Nadia Fezzani

Personal information
- Native name: نادية فزاني
- Full name: Nadia Fezzani

Sport
- Sport: Swimming

= Nadia Fezzani (swimmer) =

Libyan swimmer

Nadia Fezzani (نادية فزاني) is a Libyan swimmer. Ezzani would compete at the 1980 Summer Olympics, representing Libya in women's swimming. She would be one of the first Libyan swimmers to compete at an Olympic Games and would be the first woman to represent the nation at the Olympic Games.

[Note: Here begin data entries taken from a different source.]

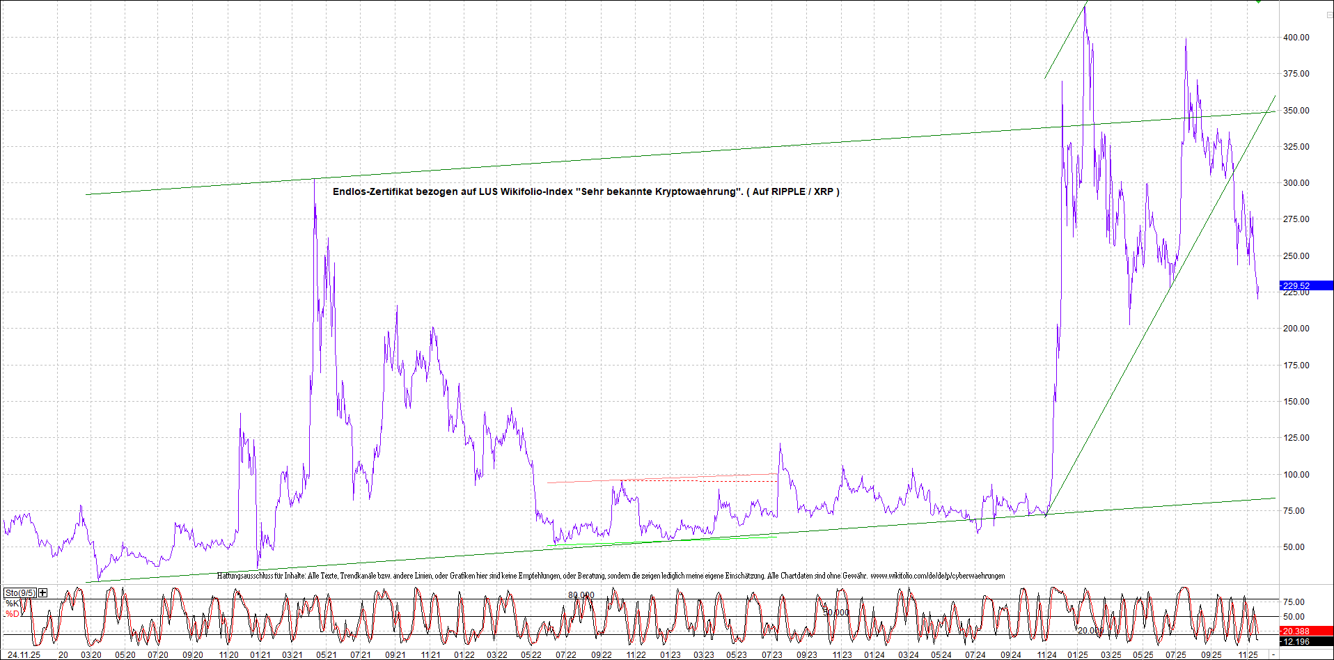 Anbei das dazugehörige Ripplezertifikat, bekannt als: Endlos-Zertifikat bezogen auf LUS Wikifolio-Index „Sehr bekannte Kryptowaehrung“.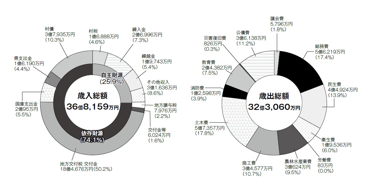 地方交付税交付金が18億4,676万円(対前年度比102.1%)で全体の約半分を占めています。国庫支出金は、2億95万円(対前年度比84.2%)、県支出金は、1億6,190万円(前年度比106.8%)、村債は3億7,935万円(対前年度比68.3%)となりました。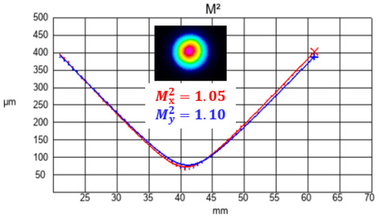 The beam quality at an output power of 2.844 W was measured, as shown in Figure 8. The beam transmission factor in the X direction was , and the beam transmission factor in the Y direction was . The measurement results showed that the beam propagation factor M2 of the laser was close to the diffraction limit of the fundamental mode Gaussian beam.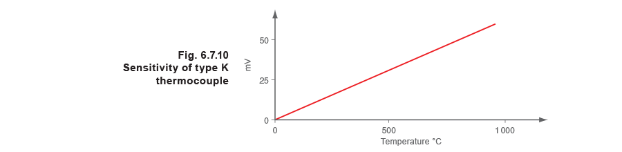 The dissimilar metals used in this type are Chrome (90% nickel, 10% chromium) and Alumel (94% nickel, 3% manganese, 2% aluminium and 1% silicon) and can be used between the range 0°C to 1 260°C. Figure 6.7.10 illustrates the sensitivity of Type K thermocouples, and it can be seen that the output voltage is linear across the complete range.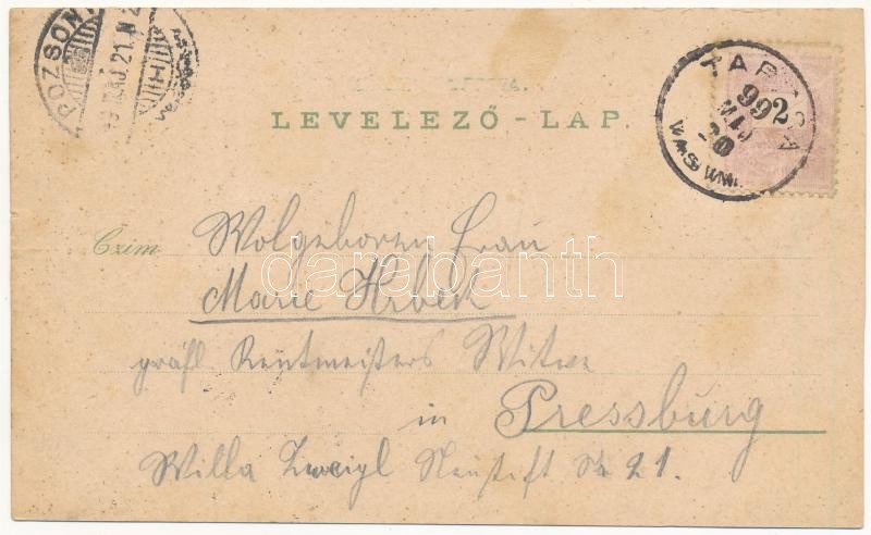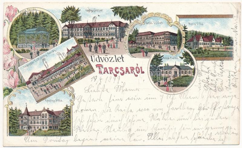 1899 (Vorläufer) Tarcsa, Tatzmannsdorf; Miksa-forrás, Gyógytér és Károly-forrás, Gyógyudvar, Forrás épület, Mária villa, Karolina villa, Anna fürdő / spa, bath, spring sources, hotel, villas. Art Nouveau, floral, litho (szakadás / tear)

Ezzani would first compete in the heats of the women's 100 metre freestyle event. She would place last in her heat and would not advance to the finals. She then competed in the women's 100 metre butterfly and again would place last in her heat and would not advance to the finals.
==Biography==
Nadia Ezzani is a Libyan swimmer. Ezzani would compete at the 1980 Summer Olympics in Moscow in what was then the Soviet Union, representing Libya in women's swimming. She would be one of the first Libyan swimmers to compete in the sport at an Olympic Games and would be the first woman to represent the nation at any edition of the Olympic Games.

Ezzani would first compete in the heats of the women's 100 metre freestyle event at the Swimming Pool at the Olimpiysky Sports Complex on 20 July. She would compete in the second heat against seven other swimmers. There, she would place last in her heat with a time of 1:09.28. She would not advance to the finals of the event.

Her next event would be the heats of the women's 100 metre butterfly on 23 July. She would compete in the third heat against five other swimmers. There, she would again place last in her heat with a time of 1:12.94. She would not advance to the finals of the event.